In esoteric symbolism "Heaven" does not mean the universe above us -- it means the consciousness within us. This polarity is also reflected in the relationship between the ego and the Self -- in a properly regulated psyche, the ego is always magnetic to the dynamic Self.

There is an invisible universe within the visible one, a world of causes within the world of effects. There is force within matter, and the two are one, and are dependent for their existence on a third, which is the mysterious cause of their existence. There is a world of soul within a world of matter, and the two are one, and caused by the world of spirit.
F. Hartmann -- Paracelsus: Life and Prophecies

 

SUGGESTIONS FOR MEDITATION

To get a fuller grasp of the numinously beautiful structure of the I Ching and the transcendent reality which it reflects, one should meditate on each of the hexagrams as often as possible -- one can never exhaust their meaning. The first two hexagrams (because they are the "cosmic parents" of all the others), are especially rich in their associations. Here are a few suggestions for meditation:

1. Compare and contrast the general ideas in the first three hexagrams, noting how the third is a logical progression of the first two.
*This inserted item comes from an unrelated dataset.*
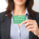 Custom printed personalized 3.38" x 2.13" RETRACTABLE CLIP BADGE Blank Template (with SEA GREN Background - change to any colour, front and back). Design, create, make your own. Your photo, image, text, logo, graphics in full colour edge-to-edge print on the front and the back. Made of PVC plastic, durable, won't fade or tear.

2. The Confucian commentary on The Dynamic is particularly rich in meaning. Read it over and over again -- it contains the principles of the Work as outlined in more detail in the other hexagrams. Compare the sixth sentence with the ideas in hexagram number twenty, Contemplation.

3. Compare the first two hexagrams with hexagram number eleven, Harmony, and number twelve, Divorcement, noting the implications of the symbolism in terms of the proper management of the Work.